Top of Data
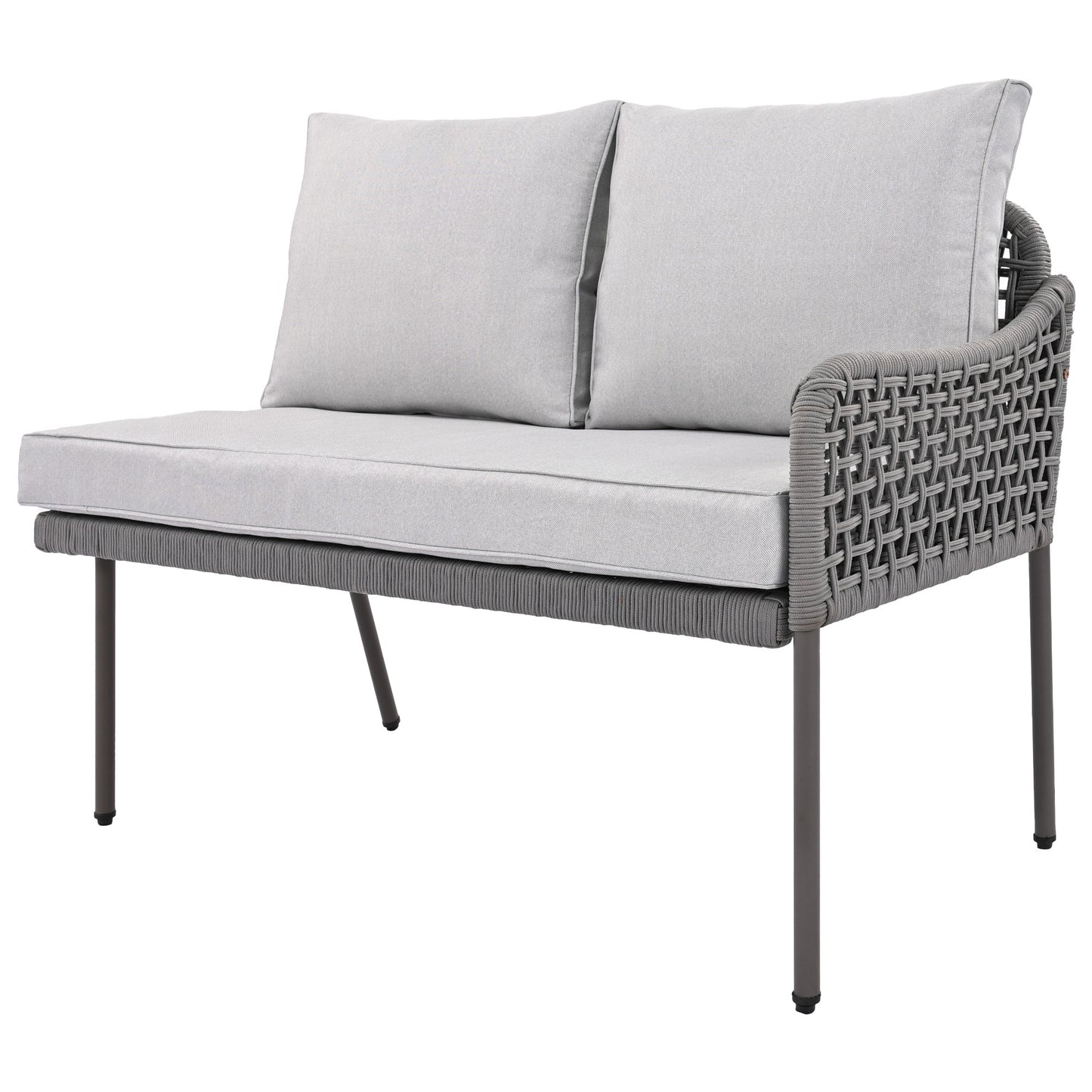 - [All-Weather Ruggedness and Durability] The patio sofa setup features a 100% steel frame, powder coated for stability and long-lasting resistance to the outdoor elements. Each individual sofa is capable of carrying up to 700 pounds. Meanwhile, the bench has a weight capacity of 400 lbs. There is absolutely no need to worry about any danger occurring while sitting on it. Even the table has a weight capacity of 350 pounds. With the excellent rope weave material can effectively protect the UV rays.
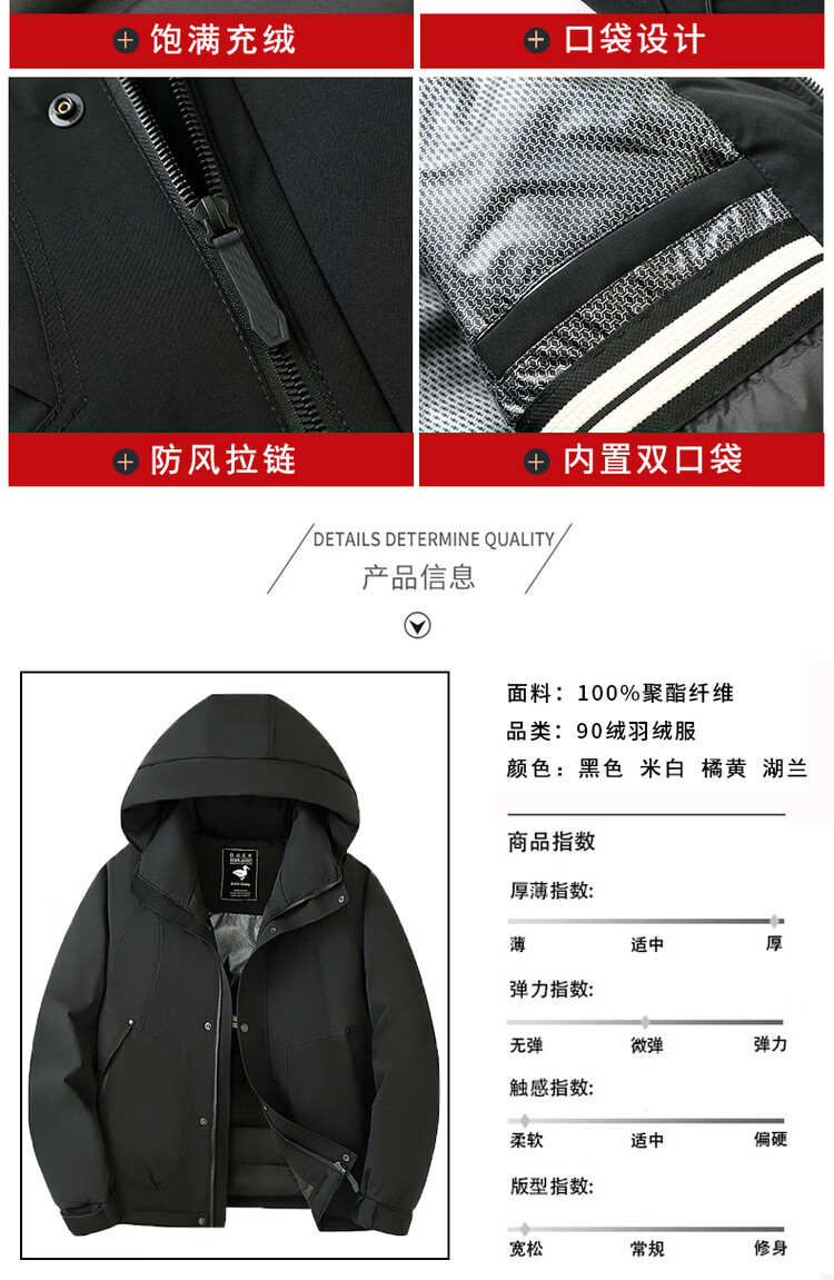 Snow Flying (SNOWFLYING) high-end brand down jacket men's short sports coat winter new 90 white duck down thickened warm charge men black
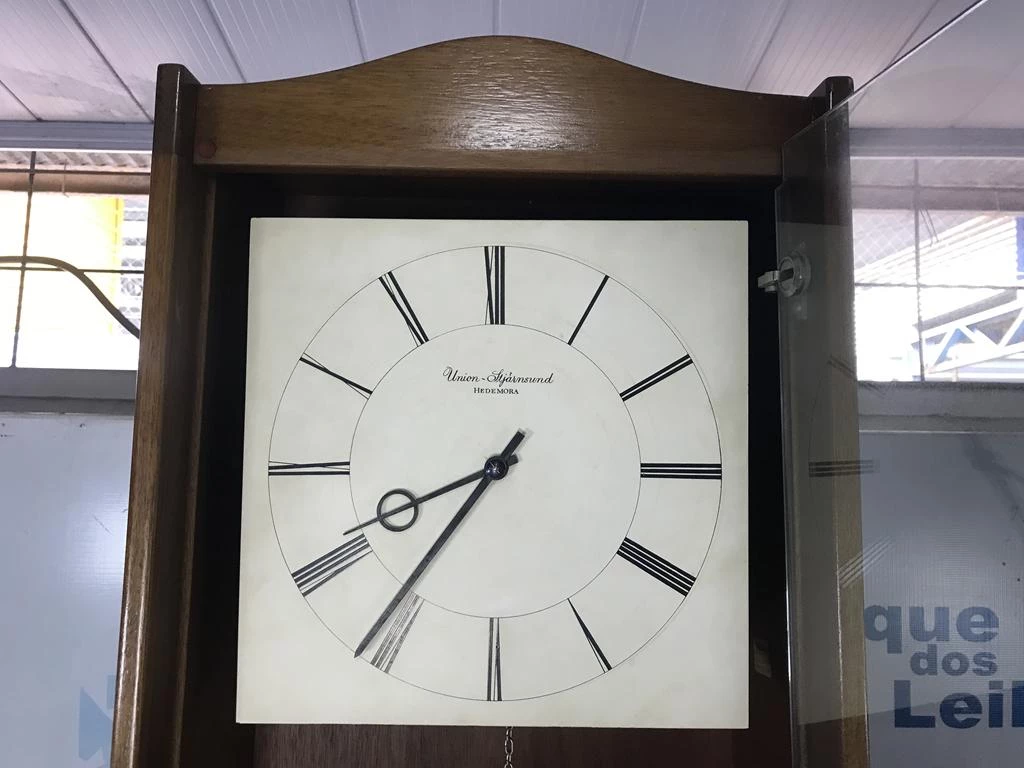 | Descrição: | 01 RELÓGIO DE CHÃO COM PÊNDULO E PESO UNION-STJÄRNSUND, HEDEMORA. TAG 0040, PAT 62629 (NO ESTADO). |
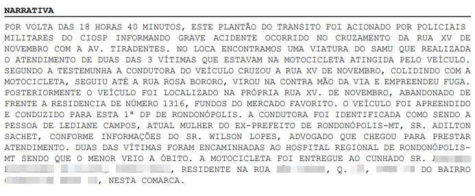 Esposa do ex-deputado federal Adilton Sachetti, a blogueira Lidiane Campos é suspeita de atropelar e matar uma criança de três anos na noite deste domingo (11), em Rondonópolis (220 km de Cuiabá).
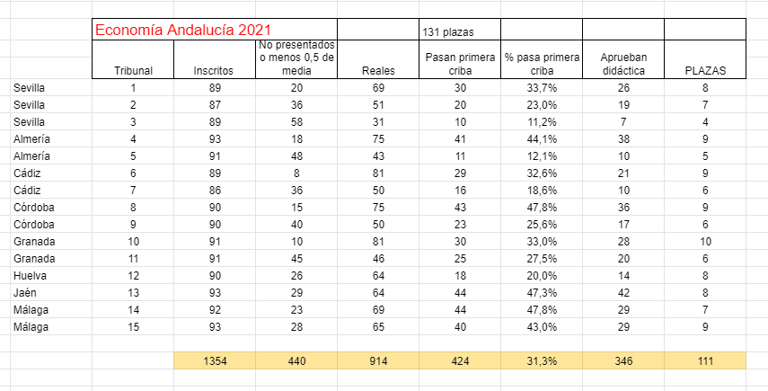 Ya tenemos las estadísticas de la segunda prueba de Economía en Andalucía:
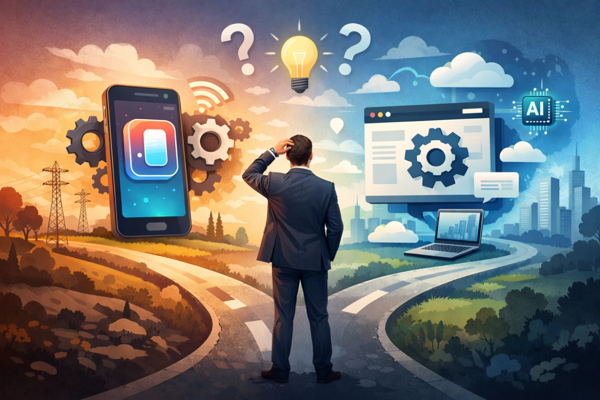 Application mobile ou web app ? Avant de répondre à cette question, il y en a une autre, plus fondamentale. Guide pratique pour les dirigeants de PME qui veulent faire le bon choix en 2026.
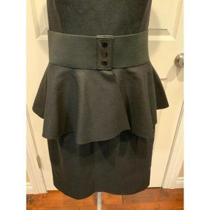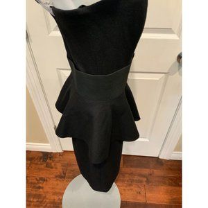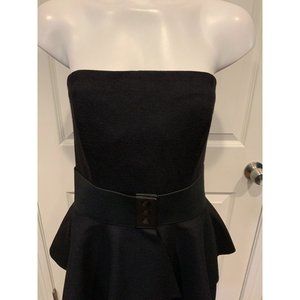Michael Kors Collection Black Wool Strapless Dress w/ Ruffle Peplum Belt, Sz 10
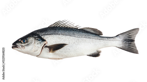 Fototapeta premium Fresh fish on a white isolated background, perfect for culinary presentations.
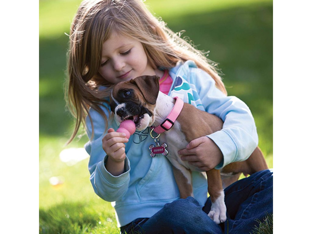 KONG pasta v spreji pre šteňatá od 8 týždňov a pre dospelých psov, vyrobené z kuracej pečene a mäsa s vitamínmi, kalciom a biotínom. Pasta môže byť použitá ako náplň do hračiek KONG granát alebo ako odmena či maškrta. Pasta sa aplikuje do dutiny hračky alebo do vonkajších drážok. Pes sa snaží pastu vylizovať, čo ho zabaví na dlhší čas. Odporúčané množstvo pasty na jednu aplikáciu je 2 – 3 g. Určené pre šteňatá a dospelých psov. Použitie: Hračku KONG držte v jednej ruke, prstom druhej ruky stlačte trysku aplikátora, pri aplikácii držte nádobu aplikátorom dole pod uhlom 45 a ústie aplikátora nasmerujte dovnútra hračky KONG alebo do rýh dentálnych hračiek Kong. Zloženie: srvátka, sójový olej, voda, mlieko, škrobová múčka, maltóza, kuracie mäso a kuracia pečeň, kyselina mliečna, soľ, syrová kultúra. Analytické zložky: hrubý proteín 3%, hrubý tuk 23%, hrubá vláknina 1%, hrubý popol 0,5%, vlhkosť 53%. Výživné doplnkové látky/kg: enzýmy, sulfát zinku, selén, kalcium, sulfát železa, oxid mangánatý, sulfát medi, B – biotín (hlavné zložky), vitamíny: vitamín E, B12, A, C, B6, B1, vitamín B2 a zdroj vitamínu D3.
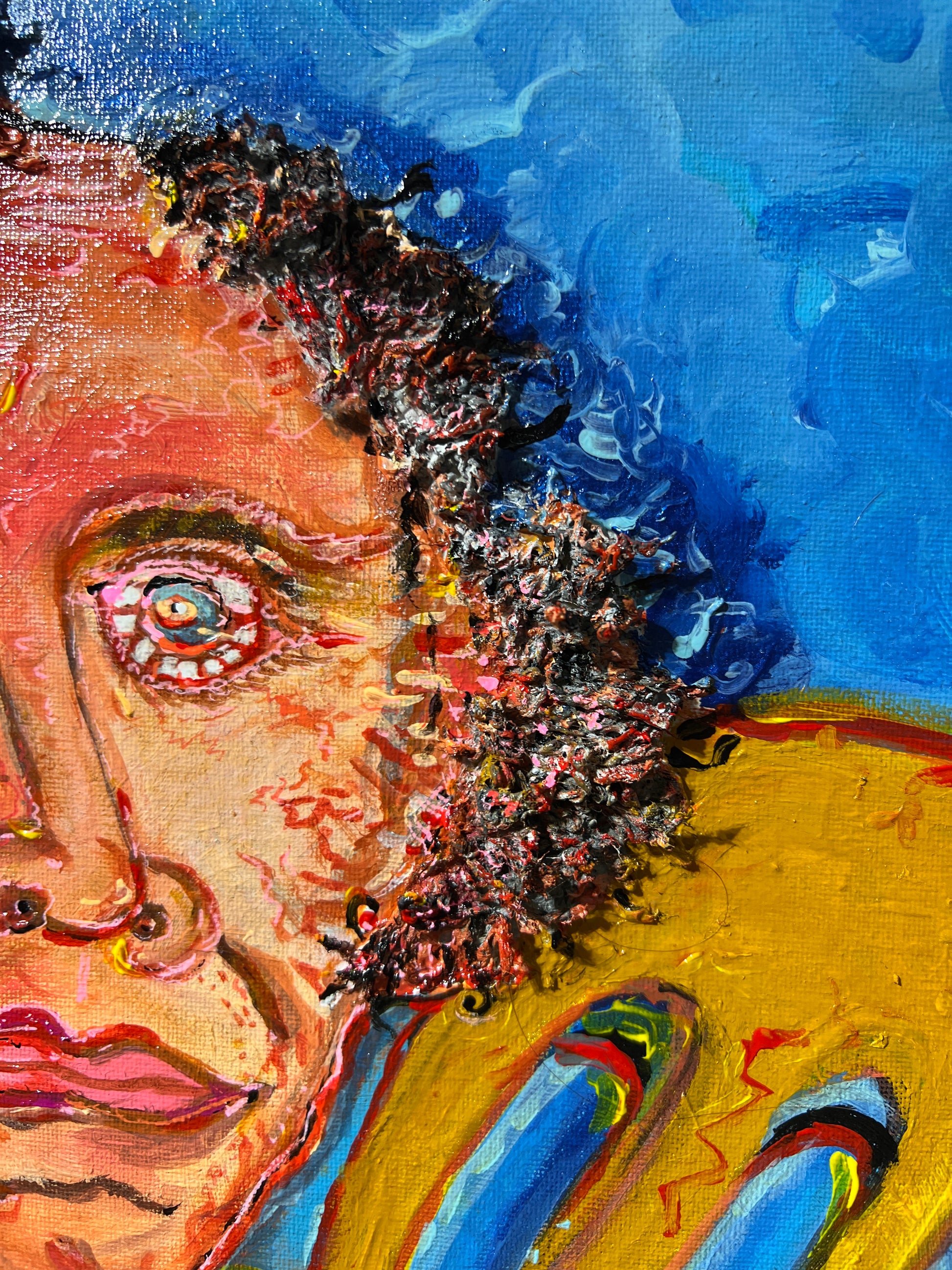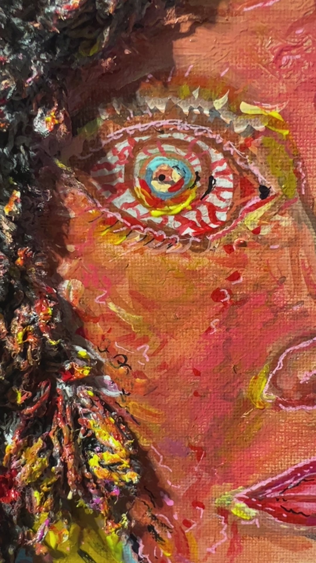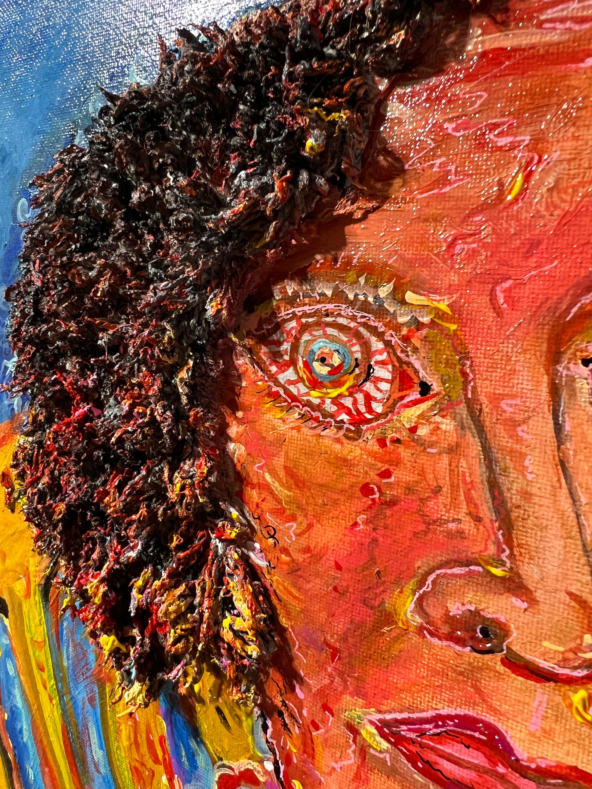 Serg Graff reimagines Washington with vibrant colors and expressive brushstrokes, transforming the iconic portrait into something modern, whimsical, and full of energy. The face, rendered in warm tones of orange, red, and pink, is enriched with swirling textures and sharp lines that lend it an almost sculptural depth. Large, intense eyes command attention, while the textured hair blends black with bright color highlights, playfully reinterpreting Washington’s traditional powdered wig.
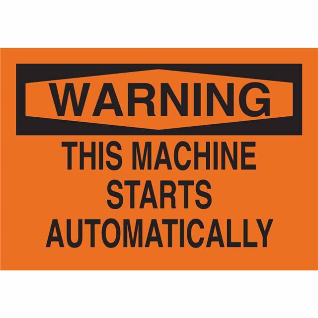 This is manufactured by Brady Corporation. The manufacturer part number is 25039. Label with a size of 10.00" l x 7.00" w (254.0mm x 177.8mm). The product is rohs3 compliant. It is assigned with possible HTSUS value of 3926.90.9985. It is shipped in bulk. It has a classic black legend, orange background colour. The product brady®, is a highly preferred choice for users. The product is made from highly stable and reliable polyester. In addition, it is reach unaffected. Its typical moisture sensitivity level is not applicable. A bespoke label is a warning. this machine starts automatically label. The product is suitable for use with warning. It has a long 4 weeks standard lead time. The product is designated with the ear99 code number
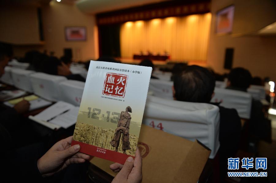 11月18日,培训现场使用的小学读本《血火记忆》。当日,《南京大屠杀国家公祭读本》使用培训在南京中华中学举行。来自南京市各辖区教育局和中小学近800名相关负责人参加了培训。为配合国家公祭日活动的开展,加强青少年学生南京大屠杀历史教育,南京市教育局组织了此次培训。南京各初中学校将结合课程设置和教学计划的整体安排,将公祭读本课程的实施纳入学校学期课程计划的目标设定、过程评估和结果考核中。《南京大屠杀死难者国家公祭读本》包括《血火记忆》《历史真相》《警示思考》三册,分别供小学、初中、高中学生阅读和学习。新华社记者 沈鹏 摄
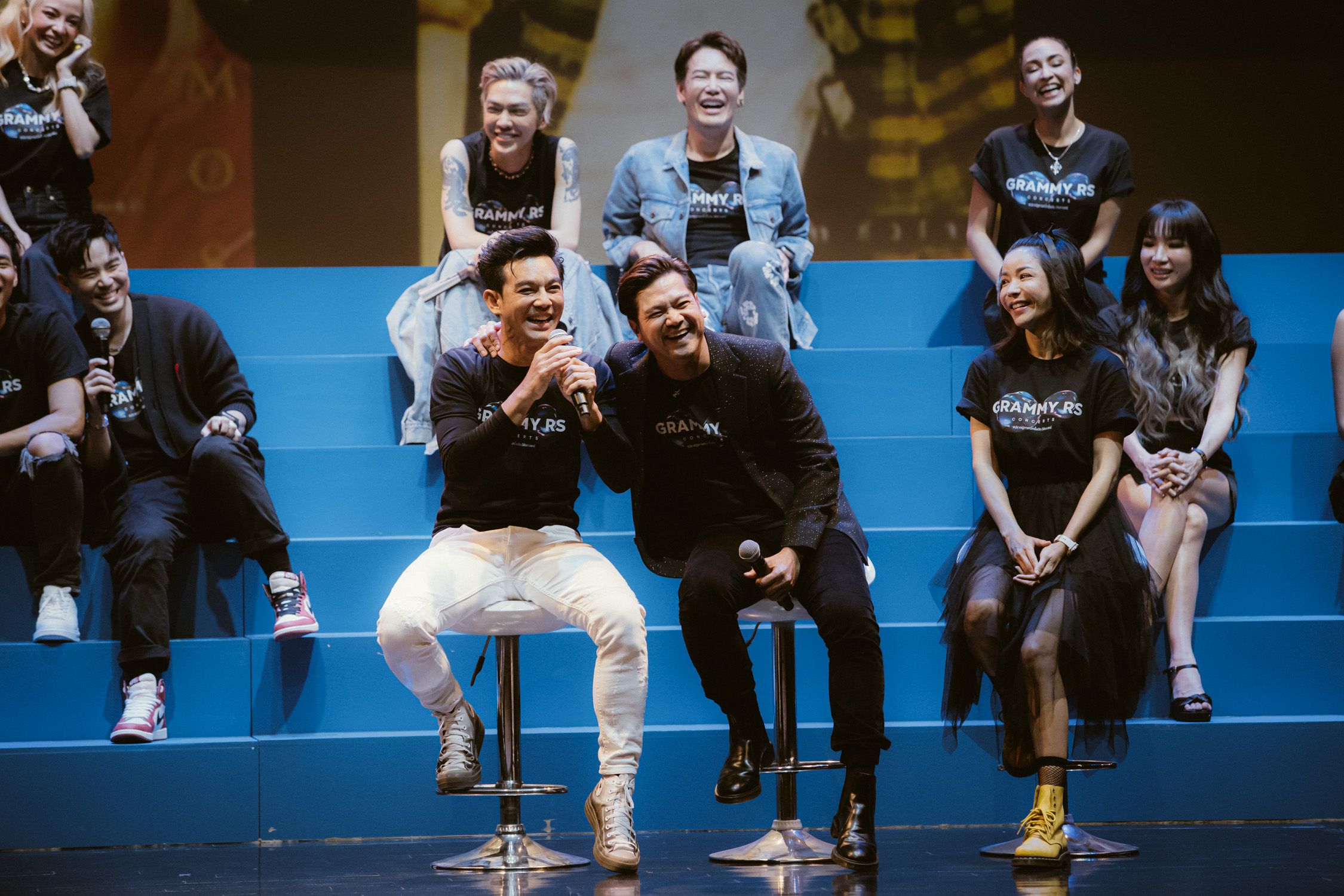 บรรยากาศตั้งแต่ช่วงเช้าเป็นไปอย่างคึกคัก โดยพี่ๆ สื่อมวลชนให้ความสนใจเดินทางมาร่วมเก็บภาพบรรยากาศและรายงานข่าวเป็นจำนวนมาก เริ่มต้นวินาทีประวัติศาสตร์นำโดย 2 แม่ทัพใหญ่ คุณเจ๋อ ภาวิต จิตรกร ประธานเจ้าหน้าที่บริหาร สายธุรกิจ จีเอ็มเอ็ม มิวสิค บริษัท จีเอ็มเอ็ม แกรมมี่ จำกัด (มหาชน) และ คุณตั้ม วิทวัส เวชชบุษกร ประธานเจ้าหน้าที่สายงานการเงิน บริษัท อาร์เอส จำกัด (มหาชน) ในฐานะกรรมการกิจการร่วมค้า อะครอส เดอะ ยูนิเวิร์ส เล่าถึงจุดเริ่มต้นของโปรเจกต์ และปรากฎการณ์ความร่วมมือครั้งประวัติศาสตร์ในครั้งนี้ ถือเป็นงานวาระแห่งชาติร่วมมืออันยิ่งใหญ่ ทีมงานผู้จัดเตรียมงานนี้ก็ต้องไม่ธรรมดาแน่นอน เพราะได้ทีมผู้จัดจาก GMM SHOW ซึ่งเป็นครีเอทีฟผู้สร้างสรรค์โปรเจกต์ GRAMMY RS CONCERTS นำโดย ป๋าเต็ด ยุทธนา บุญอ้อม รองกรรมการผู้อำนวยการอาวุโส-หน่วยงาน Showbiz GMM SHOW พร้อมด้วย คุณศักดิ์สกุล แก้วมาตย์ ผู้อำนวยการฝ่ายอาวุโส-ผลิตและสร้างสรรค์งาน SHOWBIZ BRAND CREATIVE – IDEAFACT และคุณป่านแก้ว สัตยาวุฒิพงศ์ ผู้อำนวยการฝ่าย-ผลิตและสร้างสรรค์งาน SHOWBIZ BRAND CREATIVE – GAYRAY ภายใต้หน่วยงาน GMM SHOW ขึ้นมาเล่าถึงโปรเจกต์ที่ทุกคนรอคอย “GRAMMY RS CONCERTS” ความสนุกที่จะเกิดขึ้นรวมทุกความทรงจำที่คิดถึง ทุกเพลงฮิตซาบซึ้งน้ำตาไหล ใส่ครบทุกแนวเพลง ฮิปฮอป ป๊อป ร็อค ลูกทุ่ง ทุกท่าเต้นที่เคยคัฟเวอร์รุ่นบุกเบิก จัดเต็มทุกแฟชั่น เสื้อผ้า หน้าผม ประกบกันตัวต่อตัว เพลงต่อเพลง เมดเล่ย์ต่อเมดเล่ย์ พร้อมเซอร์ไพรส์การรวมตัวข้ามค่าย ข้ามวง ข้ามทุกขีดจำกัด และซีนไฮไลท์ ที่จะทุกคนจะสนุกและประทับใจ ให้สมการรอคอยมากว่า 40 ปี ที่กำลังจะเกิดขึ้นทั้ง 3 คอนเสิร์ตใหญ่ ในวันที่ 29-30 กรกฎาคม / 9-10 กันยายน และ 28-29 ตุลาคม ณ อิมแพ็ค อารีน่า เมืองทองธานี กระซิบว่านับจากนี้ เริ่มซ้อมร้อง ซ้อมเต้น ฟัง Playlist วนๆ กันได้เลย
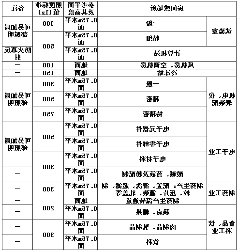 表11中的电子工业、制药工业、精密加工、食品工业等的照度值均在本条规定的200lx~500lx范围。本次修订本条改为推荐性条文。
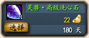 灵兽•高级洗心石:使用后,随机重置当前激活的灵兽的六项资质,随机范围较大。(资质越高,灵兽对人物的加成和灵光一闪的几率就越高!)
Bottom of Data
**What to work on:**
Lines from the one above containing "Fototapeta premium Fresh" down to the one containing "KONG pasta v" should be transcribed exactly, with both ends kept and no pictures.

**Problem solution:**
 Fototapeta premium Fresh fish on a white isolated background, perfect for culinary presentations.
 KONG pasta v spreji pre šteňatá od 8 týždňov a pre dospelých psov, vyrobené z kuracej pečene a mäsa s vitamínmi, kalciom a biotínom. Pasta môže byť použitá ako náplň do hračiek KONG granát alebo ako odmena či maškrta. Pasta sa aplikuje do dutiny hračky alebo do vonkajších drážok. Pes sa snaží pastu vylizovať, čo ho zabaví na dlhší čas. Odporúčané množstvo pasty na jednu aplikáciu je 2 – 3 g. Určené pre šteňatá a dospelých psov. Použitie: Hračku KONG držte v jednej ruke, prstom druhej ruky stlačte trysku aplikátora, pri aplikácii držte nádobu aplikátorom dole pod uhlom 45 a ústie aplikátora nasmerujte dovnútra hračky KONG alebo do rýh dentálnych hračiek Kong. Zloženie: srvátka, sójový olej, voda, mlieko, škrobová múčka, maltóza, kuracie mäso a kuracia pečeň, kyselina mliečna, soľ, syrová kultúra. Analytické zložky: hrubý proteín 3%, hrubý tuk 23%, hrubá vláknina 1%, hrubý popol 0,5%, vlhkosť 53%. Výživné doplnkové látky/kg: enzýmy, sulfát zinku, selén, kalcium, sulfát železa, oxid mangánatý, sulfát medi, B – biotín (hlavné zložky), vitamíny: vitamín E, B12, A, C, B6, B1, vitamín B2 a zdroj vitamínu D3.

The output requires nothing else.